This is a blog dedicated to a personal interpretation of political news of the day. I attempt to be as knowledgeable as possible before commenting and committing my thoughts to a day's communication.

Sunday, February 21, 2016

Fading Memories

"The world cannot forget Treblinka."
"I live two lives, one is here and now and the other is what happened there. It never leaves me. It stays in my head. It goes with me always."
Samuel Willenberg, 93, Holocaust survivor
Samuel Willenberg
Samuel Willenberg  Photo credit: Courtesy

For 70 years, Samuel Willenberg lived his two separate lives. His living memory of the monstrous years he suffered, living as a young man given the job of working as a death camp inmate engaged in custodian duties. Witnessing the deaths of hundreds of thousands innocent children, women and men of all ages because they were Jewish, has haunted his other life, that of a man with an obligation to live as normal a life as possible under such impossible circumstances.

He has finally been released from those two lives. Death that destroyed the lives of those he loved when he was young, waited patiently for him. His life of living memories has now departed, along with his life of experiencing what it is to live as an ordinary individual with an extraordinary past. He was 20 years old when he became an inmate of Treblinka, where Jews were assembled on transports and railcars to a one-way destination meant to be final. Treblinka was a death camp, not a concentration camp, not a dual-purpose human-slavery-and-death-camp.

Jewish Virtual Library

Like Auschwitz, Sobibor, Theresienstadt and Dachau, Buchenwald and Bergen-Belson, Treblinka was merely one of the more recognizable death camp names, but there were 15,000 camps altogether established by Nazi Germany in occupied Europe. Those venues were carefully selected; not too many in Germany itself, since the Germans represented, after all, a dignified, civil and cultured nation, where cultivation of the arts, love of nature and of animals came naturally to such people, who would take offence at the presence of such places in their near proximity.

One needed, after all, more than the mere prevalence of anti-Semitism to be assured that no inconvenient protests might take place at the presence of sprawling, guarded camps crowded with starving, disease-ridden people whose gassed bodies were shovelled into giant furnaces sending their reeking ashes all over the atmosphere. And there were countries deemed appropriate to the task at hand, like Austria, Belgium Czechoslovakia, Estonia, Finland, France, Holland, Italy, Latvia, Lithuania, Norway, Poland, Russia -- and oh yes, Germany as well.

In 1943, Mr. Willenberg was among a group of several hundred young Jewish men who got possession of some weapons and ran for nearby woods, after trying to set fire to the camp. While hundreds fled for the safety of the woods, most were shot and killed by the Nazi guards. Many others were caught by Polish villagers who responding to the charity and purity of heart that their Catholic faith inspired in them, brought the captured Jews whom they despised, back to the kindly custody of the Nazis.

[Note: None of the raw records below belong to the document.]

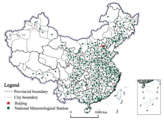 The temperature data used for the analysis of extreme heat hazard in this paper were from the dataset of daily climate data from Chinese surface stations for global exchange (V3.0) on the China Meteorological Data Service Center (http://data.cma.cn/en). We selected a national meteorological station in each city and collected daily maximum temperature data from 1960 to 2016. Because there are no national meteorological stations in 23 cities, or part of the annual data is missing, we used national meteorological stations data from adjacent cities to replace them. Finally, the daily maximum temperature data of 273 national meteorological stations from 1960 to 2016 were collected (Figure 2). The socioeconomic statistical data used for the analysis of exposure and vulnerability were derived from China City Statistical Yearbook (2017), the Sixth National Census of China (2010), and the statistical yearbooks of each city.
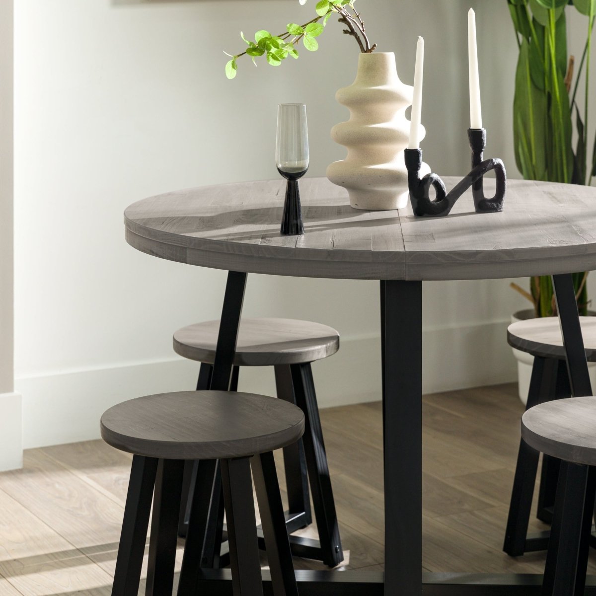 Walker Edison Durango Solid Pine Round Dining Table - Distressed 36
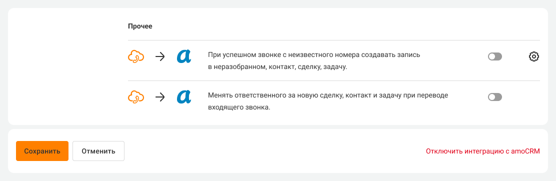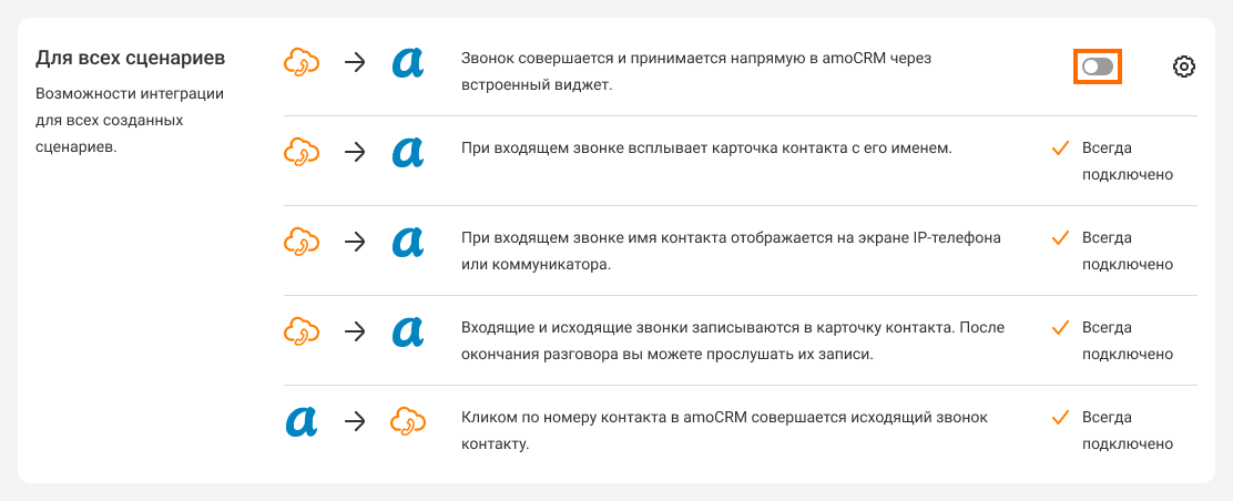 Чтобы принимать звонки в amoCRM через встроенный виджет, передвиньте переключатель в первой строчке вправо Подробнее о звонках через виджет в amoCRM читайте в этой статье.

Samuel Willenberg at Treblinka, October 2, 2013.
Two Israeli soldiers help Samuel Willenberg, the only living survivor of an August 1943 prisoner rebellion at Treblinka, to light a candle in a memorial ceremony at the camp on October 2, 2013. AFP

Mr. Willenberg recalled being shot in the leg, climbing over bodies that were piled high at the barbed wire fence. Despite that wound he managed to leap over the fence and run, even as he recognized the faces of many of those lying on the ground, their destinies to greet death at that fateful juncture of their lives. Mr. Willenberg did make good his escape. His appearance belied his Jewish ancestry, his facial features and blue eyes not typical of European Jews in the opinion of non-Jews. When he eventually arrived in Warsaw he joined the Polish underground.

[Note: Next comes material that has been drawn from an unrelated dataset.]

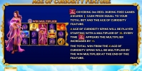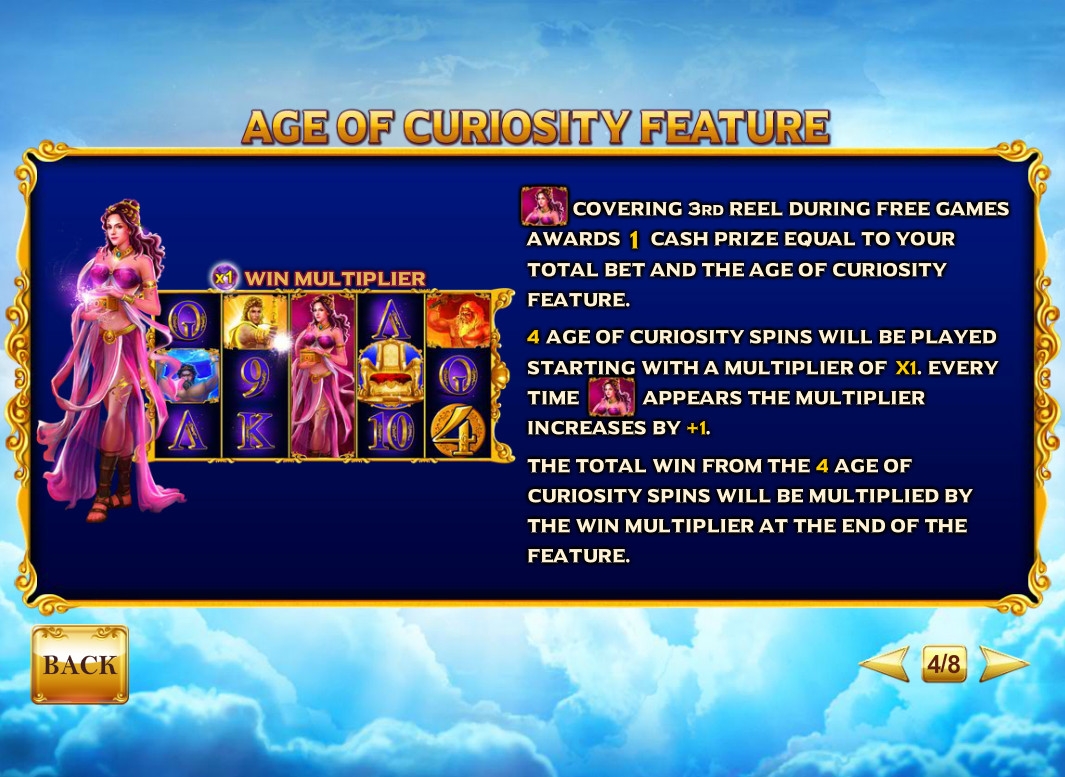 - Age of Curiosity – Игрок сначала получает выплату от Пандоры, равную одной суммарной ставке. Затем начинаются четыре вращения с увеличивающимися дополнительными множителями, которые учитываются при определении размера выплаты.

After the war he served a few years in the Polish army, then left for Israel. There he took up the profession of a surveyor. Then he also began sculpting, his bronze pieces focusing on Jews during the war when the Third Reich was determined to exterminate Europe's Jews and succeeded to an astonishing degree, despite which no joint action took place by the Allies to disrupt that effort. When Germany surrendered, the liberation of the remaining camps, those not destroyed by the retreating Germans, finally took place.